- Born: January 2, 1937 (age 89) Louisville, Kentucky, United States
- Occupation: Economist
- Employer: University of Texas at Austin
- Known for: Regional and urban economics

= Niles Maurice Hansen =

American economist

Niles Maurice Hansen (born January 2, 1937) is an American economist. He was Leroy G. Denman Jr. Regents Professor of Economics at the University of Texas at Austin, specializing in regional and urban economics. He was President (1979–80) and Fellow (1993) of the Southern Regional Science Association; President (1981) of the Western Regional Science Association; and President (1991–92) of the North American Regional Science Council. In 2004 the North American Regional Science Council presented him the Walter Isard Award “for his distinguished scholarly achievements in the field of regional science."

==Research interests==
Hansen's research focused on the role of economic and social infrastructure in regional development; trans-border cooperation mechanisms in Europe and along the U.S.–Mexico border; population migration and urban size issues; and small and medium-size enterprises in innovative regional networks.

==Early life and education==
Hansen was born on January 2, 1937, to Danish parents in Louisville, Kentucky, where he grew up. He graduated from Louisville Male High School.
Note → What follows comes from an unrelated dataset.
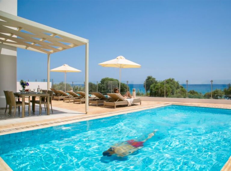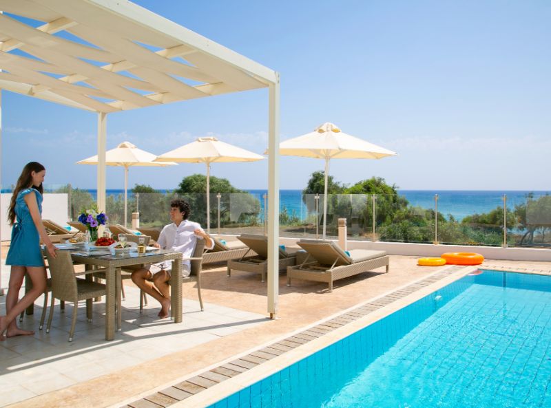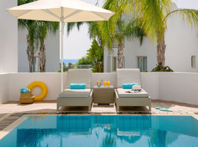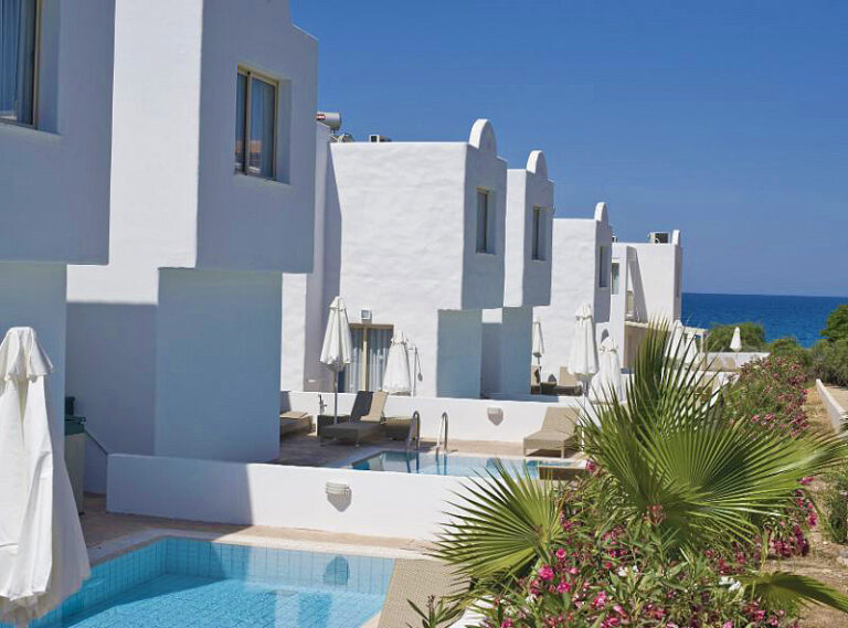 These superior villas with private swimming pools are equipped to the highest standards to provide for a luxurious holiday with all the relaxing benefits of Mediterranean villa living. Located on the famous Pernera Bay in Protaras with its crystal clear waters, the complex comprises eighteen villas each with private parking and individual private pool. Villa guests can also benefit from the use of all the facilities at the neighbouring Louis Althea Beach Hotel when open, including 3 pools, 2 restaurants, tennis court, kids playground and Spa & gym. Larnaca International Airport is 55km away and the lively Protaras entertainment and shopping areas are within a 500m stroll.
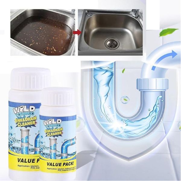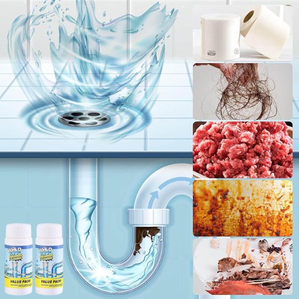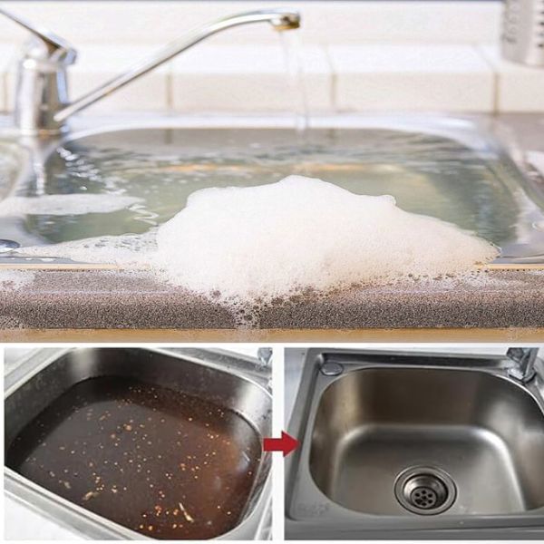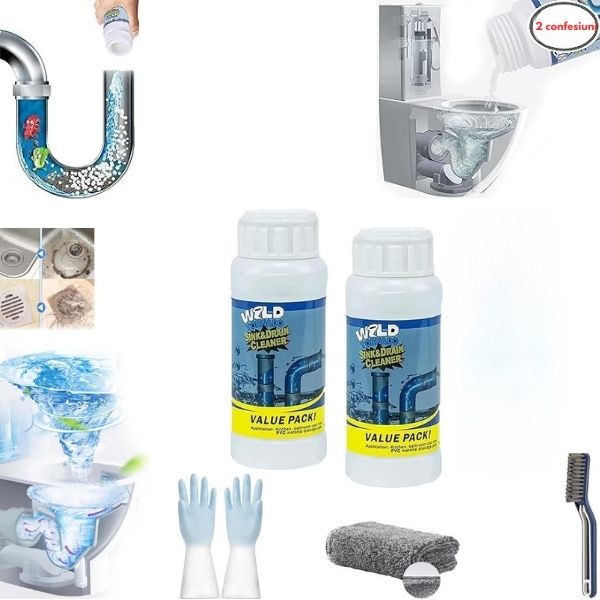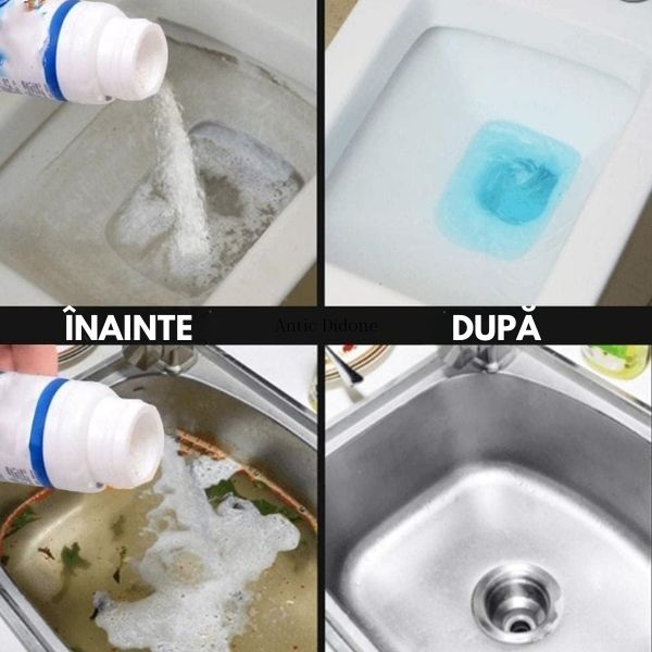 Pulberea specială tensioactivă reacționează la contactul cu apa transformându-se într-o spumă de curățare puternică care curăță temeinic și desfundă țevile.

He earned a B.A. at Centre College in 1958 and a Ph.D. in Economics at Indiana University Bloomington in 1963. His doctoral dissertation research on municipal infrastructure investment was carried out at Ghent University, Belgium, under a Ford Foundation Dissertation Fellowship.

==Academic career==
Hansen joined the faculty at the University of Texas at Austin in 1963. From 1964 to 1965, he was a National Science Foundation Postdoctoral Fellow at the University of Paris, studying French regional planning.

Between 1968 and 1975, he published numerous books, articles, and government reports concerning the integration of rural and urban infrastructure and labor markets. His work during this period was supported by grants from the National Science Foundation, the U.S. Department of Labor, the U.S. Department of Commerce, the Office of Economic Opportunity, and the Ford Foundation.

In early 1975, he worked as a consultant to the World Bank on infrastructure and urbanization in Pakistan. In 1986, again as a World Bank consultant, he traveled to South Korea to provide technical assistance in development planning.

From 1975 to 1977, Hansen was based at the International Institute for Applied Systems Analysis (IIASA) in Laxenburg, Austria, studying human settlement systems. A major part of his research there involved comparative analysis of border region policies in Europe, which he later extended to the U.S.–Mexico borderlands.

In 1982, with NSF support, he conducted further research on European transboundary cooperation at the European Union in Strasbourg, France.

==Later work==
Hansen's later research emphasized the role of small and medium-sized enterprises in regional development, especially in the context of flexible production and interfirm networking. His field studies focused on regions in southern France and Denmark.

==International engagement==
Hansen participated in United Nations expert groups focused on population distribution in development planning, environmental planning, and urbanization strategies in Asia.

In 1987, he lectured in Turkey as a Fulbright 40th Anniversary Distinguished Fellow.

==Awards and legacy==
In 1988, Hansen received the Dean's Award for Outstanding Classroom Performance at UT Austin. From 1985 to 1988, he was a member of the National Research Council Panel evaluating NSF graduate fellowship applications in behavioral and social sciences.

In 2000, he contributed to an international research group in Sweden examining global gateway cities, with a case study of Miami.

==Retirement==
Hansen retired from the University of Texas at Austin in 2003. In retirement, he has focused on travel, exercise, and volunteer work, notably at the Lyndon B. Johnson Presidential Library and the Harry Ransom Center.